Source material
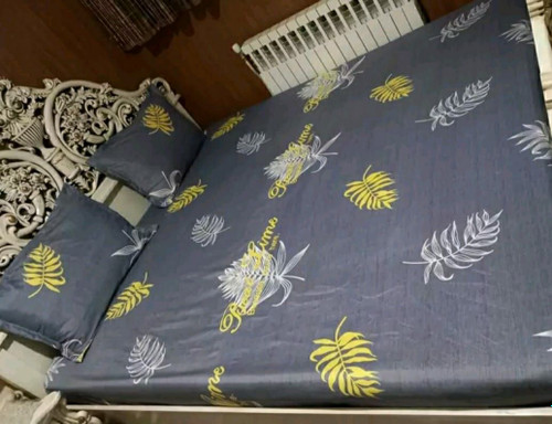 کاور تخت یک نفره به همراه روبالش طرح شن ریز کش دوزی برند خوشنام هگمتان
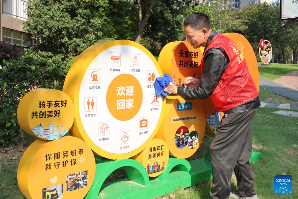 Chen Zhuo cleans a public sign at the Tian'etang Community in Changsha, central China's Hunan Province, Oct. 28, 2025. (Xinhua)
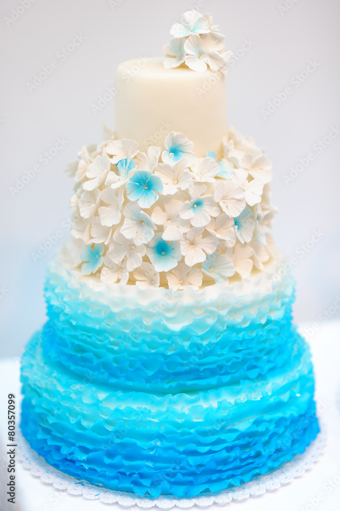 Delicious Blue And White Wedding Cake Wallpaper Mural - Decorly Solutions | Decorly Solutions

* * *

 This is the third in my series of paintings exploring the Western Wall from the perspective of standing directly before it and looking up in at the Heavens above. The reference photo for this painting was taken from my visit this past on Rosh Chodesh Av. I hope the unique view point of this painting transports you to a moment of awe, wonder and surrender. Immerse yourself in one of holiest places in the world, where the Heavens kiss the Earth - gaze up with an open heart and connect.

---

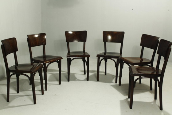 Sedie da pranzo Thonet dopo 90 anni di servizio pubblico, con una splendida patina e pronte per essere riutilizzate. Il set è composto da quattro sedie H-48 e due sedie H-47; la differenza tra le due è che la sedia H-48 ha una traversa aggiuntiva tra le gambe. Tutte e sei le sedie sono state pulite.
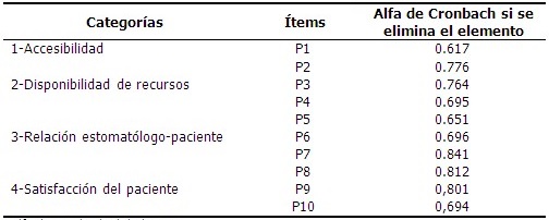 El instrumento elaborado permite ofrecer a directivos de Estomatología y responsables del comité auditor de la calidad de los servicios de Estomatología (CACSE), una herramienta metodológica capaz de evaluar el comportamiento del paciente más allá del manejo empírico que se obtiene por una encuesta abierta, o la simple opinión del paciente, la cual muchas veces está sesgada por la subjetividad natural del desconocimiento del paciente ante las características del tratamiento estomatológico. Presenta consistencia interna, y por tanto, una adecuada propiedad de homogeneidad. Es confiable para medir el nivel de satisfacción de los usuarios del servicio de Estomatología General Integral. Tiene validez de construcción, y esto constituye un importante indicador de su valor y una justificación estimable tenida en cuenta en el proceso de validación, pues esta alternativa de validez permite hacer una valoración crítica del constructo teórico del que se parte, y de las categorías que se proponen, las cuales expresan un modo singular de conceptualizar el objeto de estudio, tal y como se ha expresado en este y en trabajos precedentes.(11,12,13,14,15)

Exercise details
Only one stretch of the listing is wanted: the lines starting at the one with "کاور تخت یک" and ending at the one with "Chen Zhuo cleans", copied exactly and free of pictures.

Exercise response
 کاور تخت یک نفره به همراه روبالش طرح شن ریز کش دوزی برند خوشنام هگمتان
 Chen Zhuo cleans a public sign at the Tian'etang Community in Changsha, central China's Hunan Province, Oct. 28, 2025. (Xinhua)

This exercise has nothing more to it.